• PROMPT:
Without the pictures, output the lines of the material from the very first through the one that holds "ヘコむあだ名 | 『みねっちょ』『みねしゅういち(震え声)』 |".
START MATERIAL FOR THIS EXERCISE
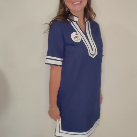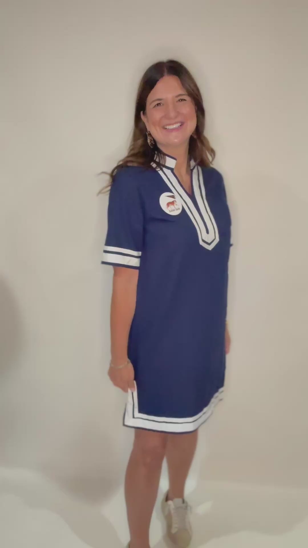 This is an adorable woven dress. It has a high neck, short sleeves, ribbon trim, a shift dress, and a side skirt bottom. There is no stretch, so get your normal size or size up if you want it to be looser.
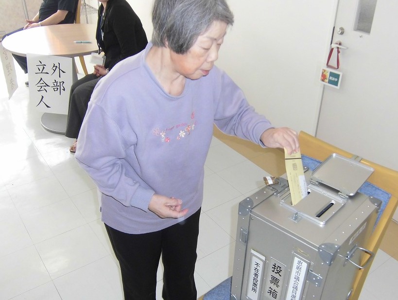 今回、選挙会場に行けない利用者の方がおりましたので、当施設に不在者投票が行えるように特設会場を設け、外部立会人(市に選出していただきました)を依頼し、しっかりと管理運営をさせていただきました。
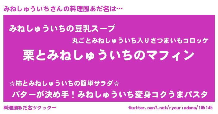 ヘコむあだ名 | 『みねっちょ』『みねしゅういち(震え声)』 |
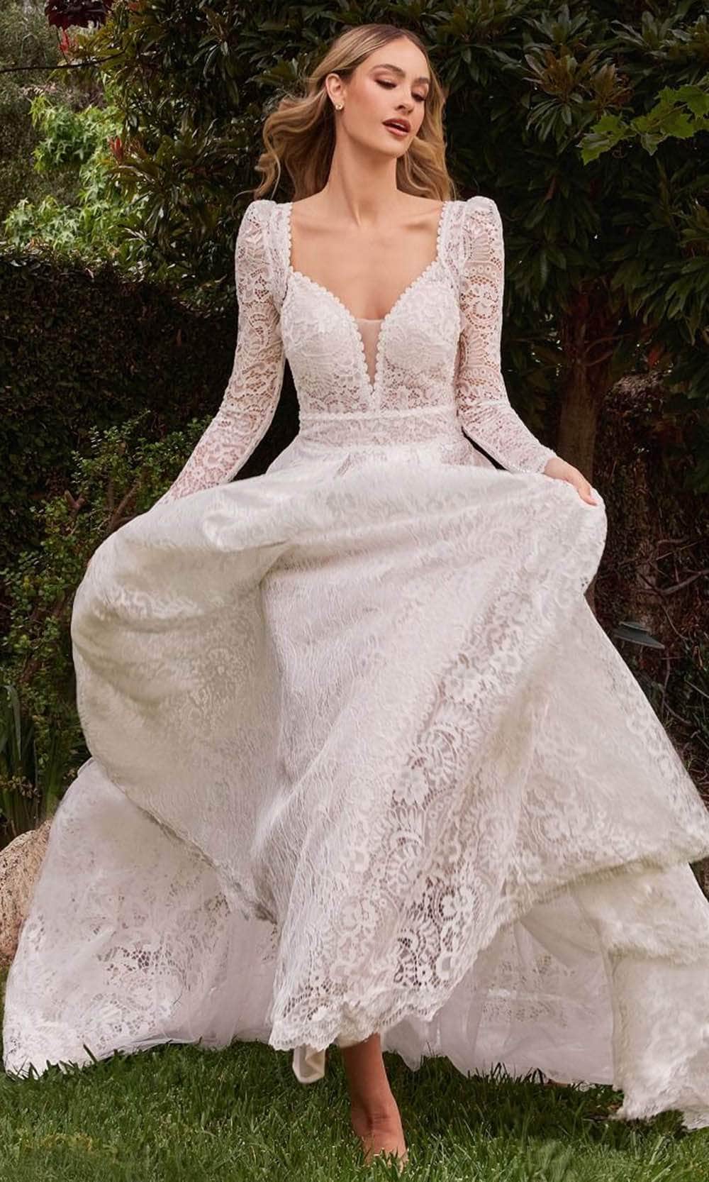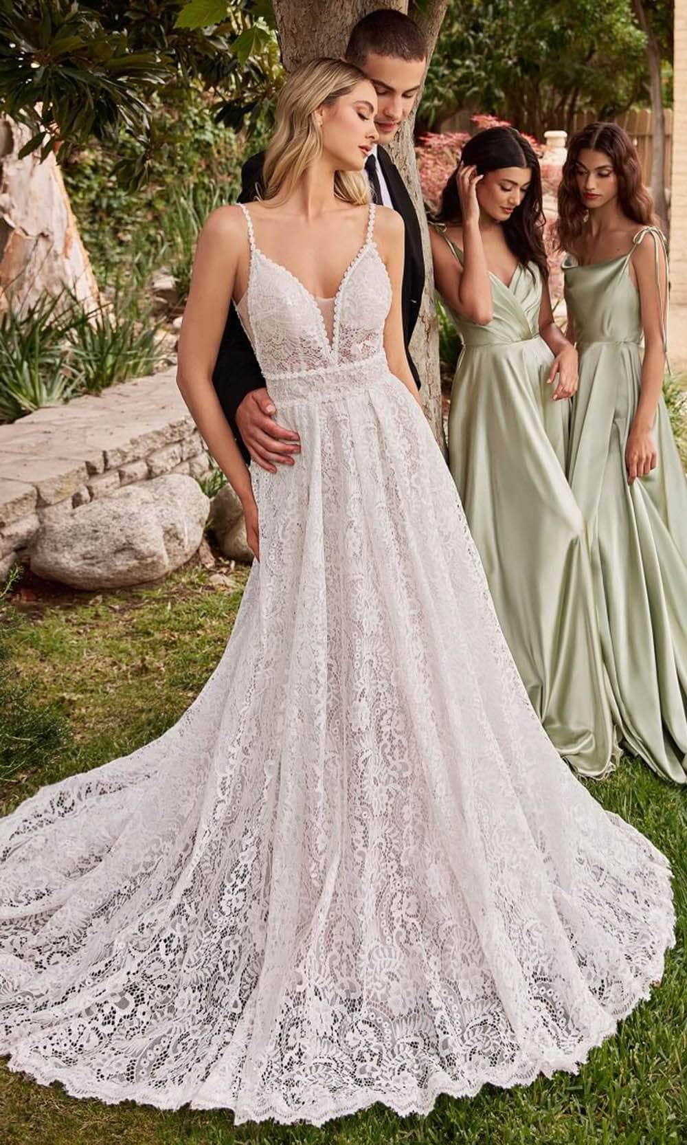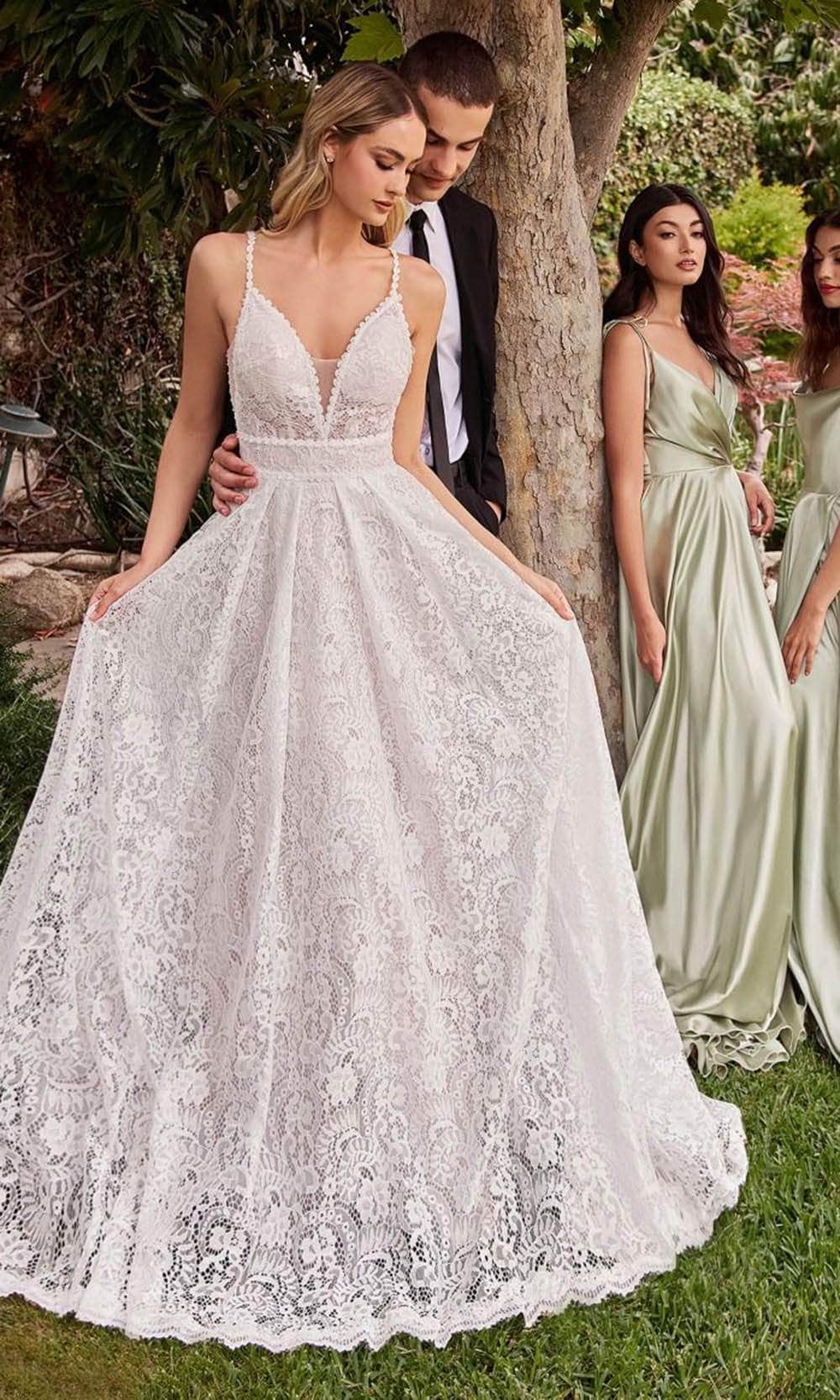 Embrace the essence of romance with Ladivine CD862W, a stunning A-line bridal gown. Crafted from luxurious guipure lace, you'll feel like royalty as you make your grand entrance on your special day. With removable sleeves and side cutouts, you have the flexibility to create the exact look you desire, while the deep v-neckline adds a touch of sensuality and grace. The scalloped lace hem provides an elegant finish, enhancing the dress's ethereal charm. And, as the final exquisite touch, the intricate open back completes the look, ensuring you radiate beauty and allure from every angle in this Ladivine CD862W masterpiece. Model is wearing Off White color.
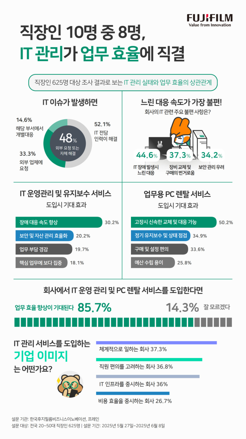[서울경제TV=진민현 인턴기자] 한국후지필름비즈니스이노베이션(한국후지필름BI)은 지난 5월 27일부터 6월 8일까지 전국 20~50대 직장인 625명을 대상으로 ‘IT 운영관리 서비스 및 업무용 PC 인식 조사’를 실시한 결과, 응답자 85.7%는 IT 통합관리 서비스가 업무 효율 향상에 도움이 될 것이라고 답했다고 26일 밝혔다.
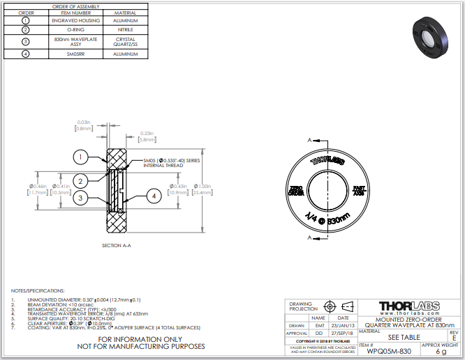 Thorlabs索雷博 WPQ05M-830 - Ø1/2英寸零级四分之一波片
END MATERIAL FOR THIS EXERCISE
• TASK OUTPUT:
 This is an adorable woven dress. It has a high neck, short sleeves, ribbon trim, a shift dress, and a side skirt bottom. There is no stretch, so get your normal size or size up if you want it to be looser.
 今回、選挙会場に行けない利用者の方がおりましたので、当施設に不在者投票が行えるように特設会場を設け、外部立会人(市に選出していただきました)を依頼し、しっかりと管理運営をさせていただきました。
 ヘコむあだ名 | 『みねっちょ』『みねしゅういち(震え声)』 |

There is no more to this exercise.